Figure 9 shows the predicted results of several of the methods involved in Table 2. The previous methods were effective in detecting areas of change in large building areas but suffered from unclear building boundary segmentation and had omission errors for areas of change in small building areas. This was due to the inherent localization of convolutional operations, and the CNN-based methods usually had limitations in modeling explicit long-term relationships. The TransUNet-based method was able to synthesize information from a larger area, and although the accuracy of detection was improved to some extent, omission errors still existed. The prediction results of CD-TransUNet had clearer boundary segmentation, a substantial reduction in the leakage problem for small areas of building change, and similar change detection to the references map.

4.2. Ablation Study

To validate the contribution of the three improved modules, we used TransUNet as the base network for ablation experiments on the change detection dataset (Table 3).

4.2.1. Effects of Different Attention Mechanisms

To present the advantages of CA over other attention mechanisms, the squeeze-and-excitation (SE) attention module, convolutional block attention module (CBAM), and CA module were added between the same network layers of TransUNet and applied to the test set in this experiment. The results of the network models embedded with different attention mechanisms on the validation dataset were analyzed, as shown in Table 4. On the evaluation metric MIoU, the model with the SE attention module improved by 0.81%, the model with the CBAM improved by 0.98%, and the model with the CA module improved by 1.37%. On the evaluation metric Kappa, the model with the addition of the SE attention module improved by 0.35%, the model with the addition of the CBAM improved by 0.56%, while the model with the addition of the CA module improved by 1.29%. CA focused not only on the channels but also on the specific locations of the features, and in each evaluation index, the effect of the model with the addition of coordinate attention mechanism achieved a significant improvement, as compared to other attention mechanisms, and for the segmentation of images, it also achieved higher segmentation accuracy.
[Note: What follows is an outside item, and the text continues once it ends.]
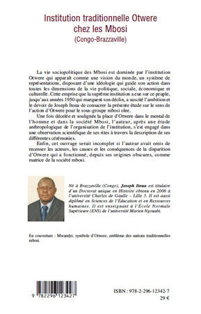 La vie sociopolitique des Mbosi est dominée par l'institution Otwere qui apparaît comme une vision du monde, un système de représentations, disposant d'une idéologie qui guide son action dans toutes les dimensions de la vie politique, sociale, économique et culturelle. Après une étude anthropologique de l'organisation de l'institution suit une observation scientifique de ses rites à travers la description de ses différentes cérémonies, et une analyse de son déclin depuis les années 1950.
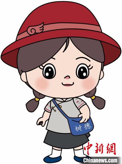 德妹名字来源于“树德里”,当然“德”之一字更有诸多美好含义。斜襟衫搭配裙子是民国女学生的典型服饰,肩部结合了中共一大会址外景青墙红砖纹饰进行创意加工;“浪花纹”小红帽用了石库门浪花门楣元素;“树德”老布包用了中共一大会址所在“树德里”里弄名。

The CA module captured deep channel information and long-range spatial information, assigned different weights to salient and non-salient regions, enhanced the foreground and suppressed the background, thus making the boundary segmentation clearer. Figure 10 shows the visualization comparison with the addition of different attention modules. Without adding the attention mechanism, the network could not accurately distinguish the background noise that can be easily misjudged, resulting in unclear building edge segmentation. With the addition of the attention mechanism, the results of each prediction plot in Figure 10 show that the model prediction results with the addition of the CA module have clearer boundary segmentation and more accurate classification than those with the addition of the CBAM and SE modules. This indicates that the CA mechanism can significantly enhance the building change detection accuracy and that the resulting segmented boundaries were clearer.

4.2.2. Effects of Different Dilation Rates of ASPP Modules

Table 3 shows that the changing detection results improve by 1.75% on MIoU, 1.29% on average on F1, and 1.82% on Kappa when the ASPP is incorporated in the TransUNet framework. A more visual comparison of the changing detection results is shown in Figure 11. The model incorporating the ASPP structure was better at small area change detection. Furthermore, we compared the segmentation results of two combinations of dilation rates, and the segmentation results of the (1, 2, 4, 8) dilation rate combinations were significantly better than (3, 6, 9, 12), which showed that the choice of dilation rate depends on the dataset and even the model itself. The results show that embedding the ASPP structure into the TransUNet architecture could allow us to capture multi-scale contextual information with a constant reception field, improve the segmentation ability of the image semantic segmentation network for small targets, and improve the segmentation results.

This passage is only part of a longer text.